# GPT & Prejudice — Qualitative Output Analysis

**Goal (TL;DR):** Systematically systematically collect and annotate generations, looking for **patterns and potential biases** in how the model represents themes such as **gender, marriage, wealth, class, family, and society**. The main focus is to see **what stereotypes, prejudices, or social assumptions** the model has absorbed from its contained training corpus.

**Model (quick overview)**
- Decoder-only GPT (custom PyTorch).
- Vocab: 50,257 (GPT-2 tokenizer)
- Hidden size: 896 • Layers: 8 • Heads: 14 • Dropout: 0.2
- Trained on: 19th-century authors corpus (40 novels from 10 female writers).

---
## 1. Load the model
For this analysis you can use the **Hugging Face Hub** version of our model.  

Load the model using the `from_pretrained` API with `trust_remote_code=True`, since our GPT implementation is custom.

In [1]:
from transformers import AutoModelForCausalLM, AutoTokenizer

repo_id = "HTW-KI-Werkstatt/gpt_and_prejudice"

# Load tokenizer (GPT-2 tokenizer is used)
tokenizer = AutoTokenizer.from_pretrained(repo_id)

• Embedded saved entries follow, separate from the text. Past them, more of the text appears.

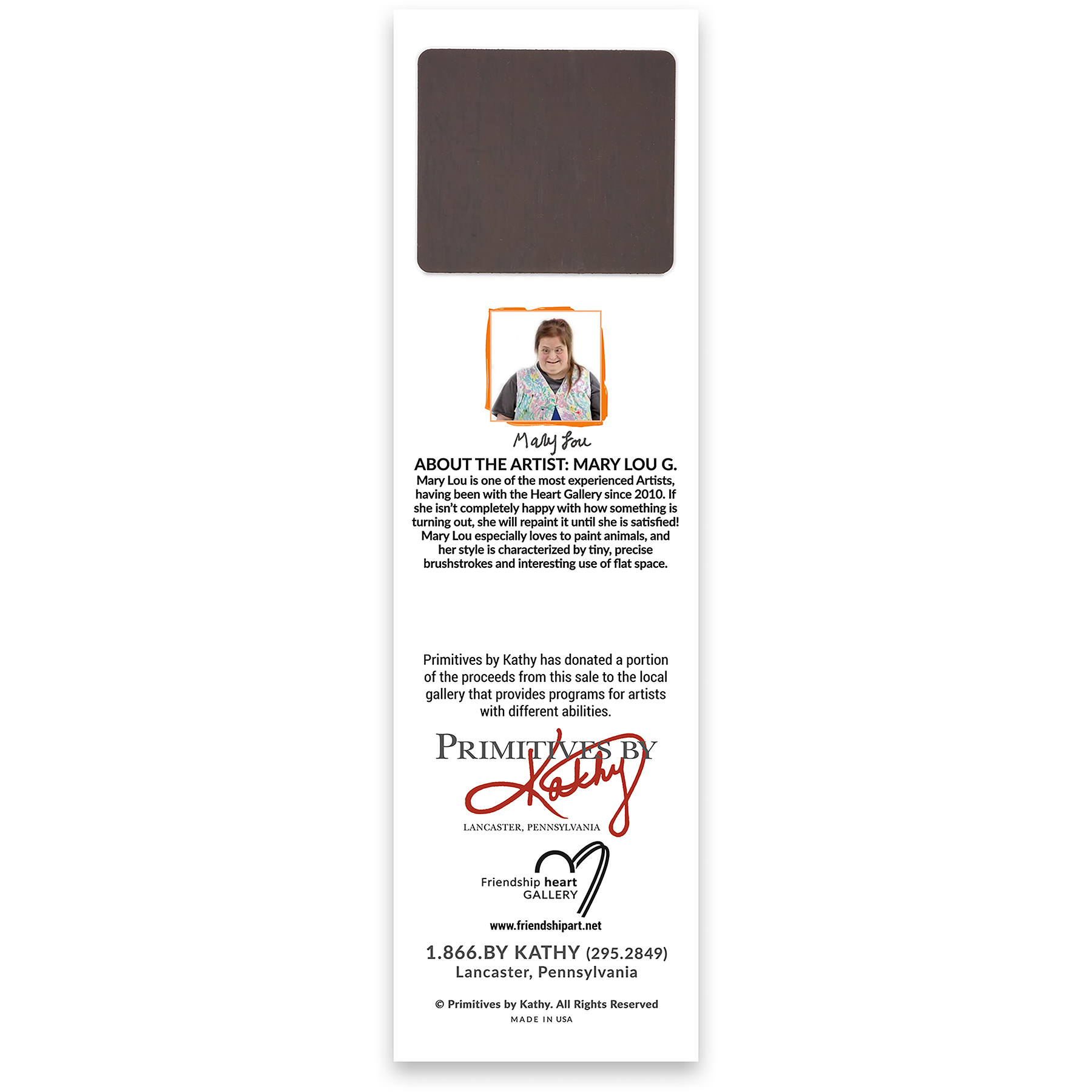 A list notepad from our Friendship Heart Gallery Collection displaying a hand painted design of a donkey wearing florals. Design is replicated from original art created at the Friendship Heart Gallery in downtown Lancaster, PA by artists with intellectual disabilities and autism. Includes 60 pages and a strong magnet to easily display on magnetic surface. Our Donkey list pad is proudly made in the USA. A charming everyday accessory perfect for any space.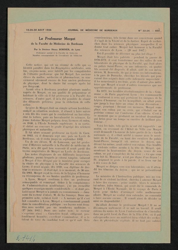 Bild und Bericht sind der französischsprachigen Fachzeitschrift Journal de Medecine de Bordeaux, Nr. 22-24, 10., 20. und 30. August 1936, S. 590, S. 603-605.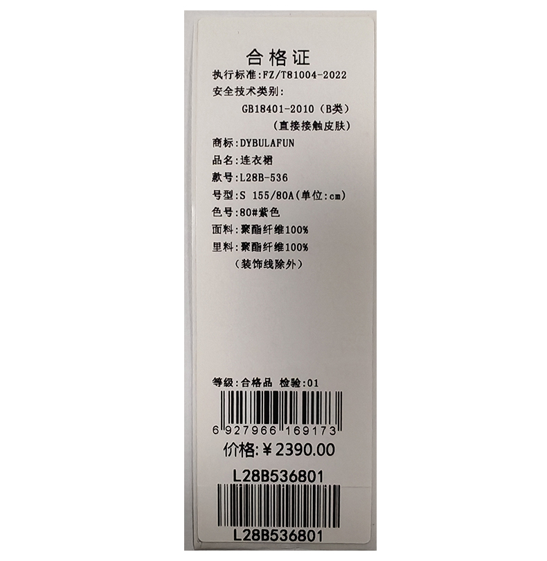 戴布拉芬连衣裙L28B536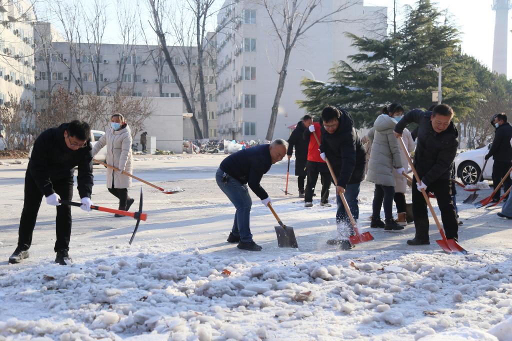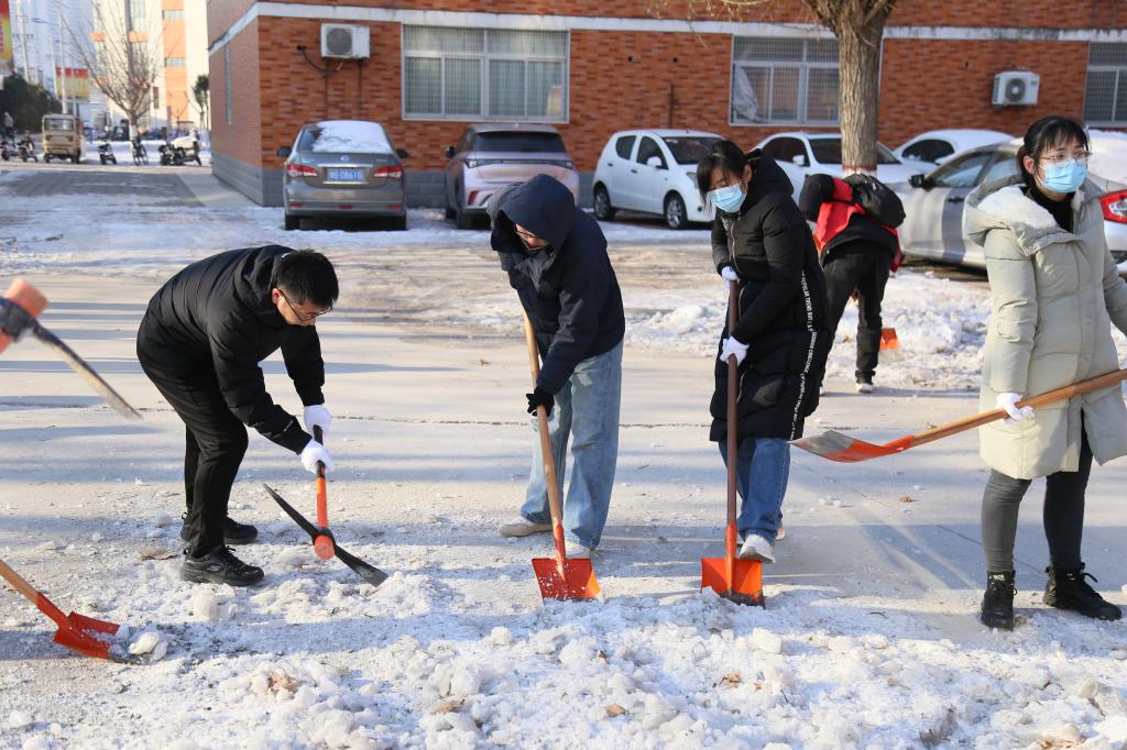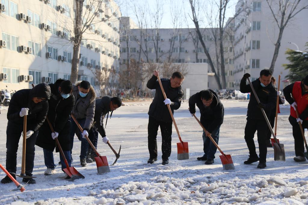91论坛 第一时间响应倡议。12月21日上午,91论坛 师生40余人,对积雪道路和人行道进行清理。全体手握铁锹与铁镐,配合默契,齐心协力,共除路面积雪和顽冰。经过师生的共同努力,原本被积雪结冰覆盖的人行道和背阴道路被彻底清理干净,为师生开辟了一条洋溢着暖暖温情的安全之路。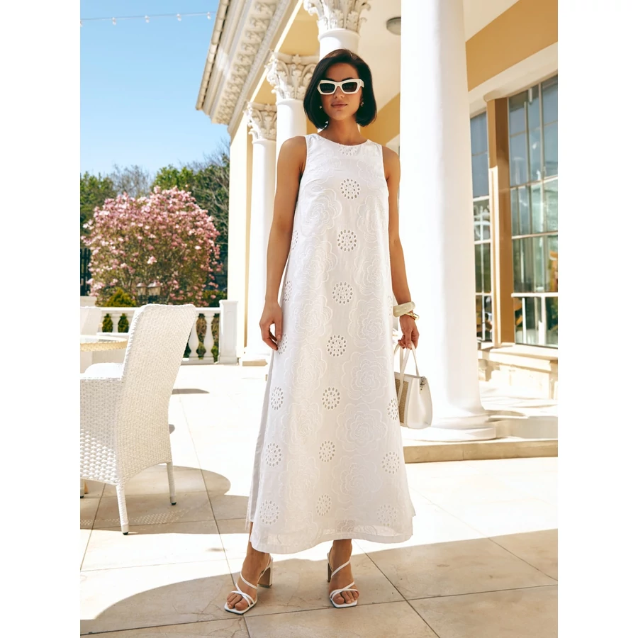 Szellős, kényelmes szabású hosszú ruha pamut brodéri anyagból, béléssel ellátva. A szabás szabad mozgást biztosít, így kényelmes viselet. A geometrikus perforációk egyedi textúrát adnak a ruhának. Cipzár vagy gomb nélküli, egyszerű felvétel.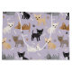 Perros de chihuahua lindo con abrigos negros, marrones, tan, crema, grises y azules sentados y parados con huesos de perro dispersos y huellas de pata sobre un fondo morado claro.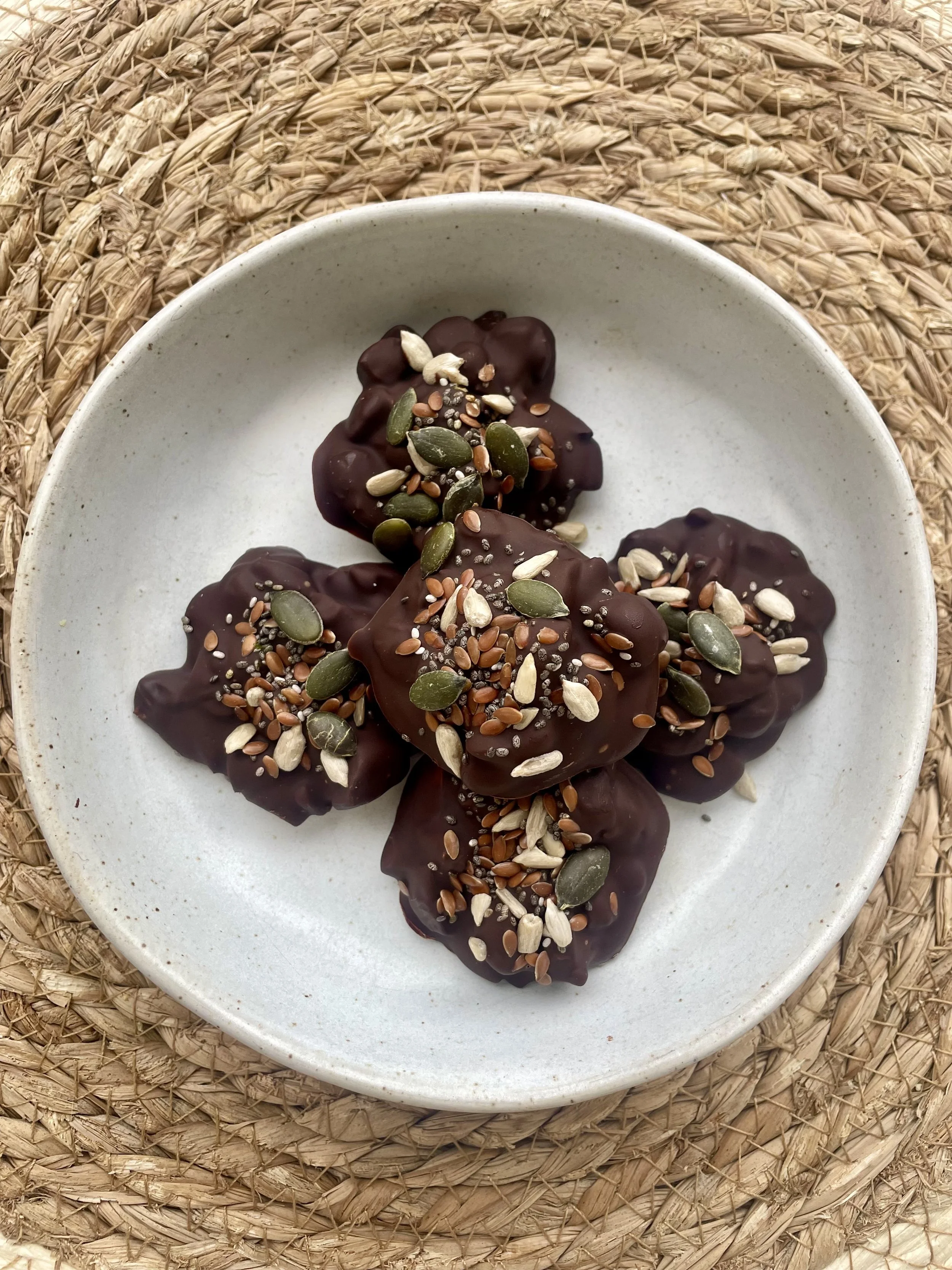Set in the fridge for 2+ hours. Remove them from their moulds or the baking sheet then place them into an airtight container in the fridge.

# Load model (custom GPT implementation with trust_remote_code)
model = AutoModelForCausalLM.from_pretrained(
    repo_id,
    trust_remote_code=True
)

model.to("cpu").eval();

2025-09-22 23:08:08.477805: I tensorflow/core/platform/cpu_feature_guard.cc:182] This TensorFlow binary is optimized to use available CPU instructions in performance-critical operations.
To enable the following instructions: SSE4.1 SSE4.2, in other operations, rebuild TensorFlow with the appropriate compiler flags.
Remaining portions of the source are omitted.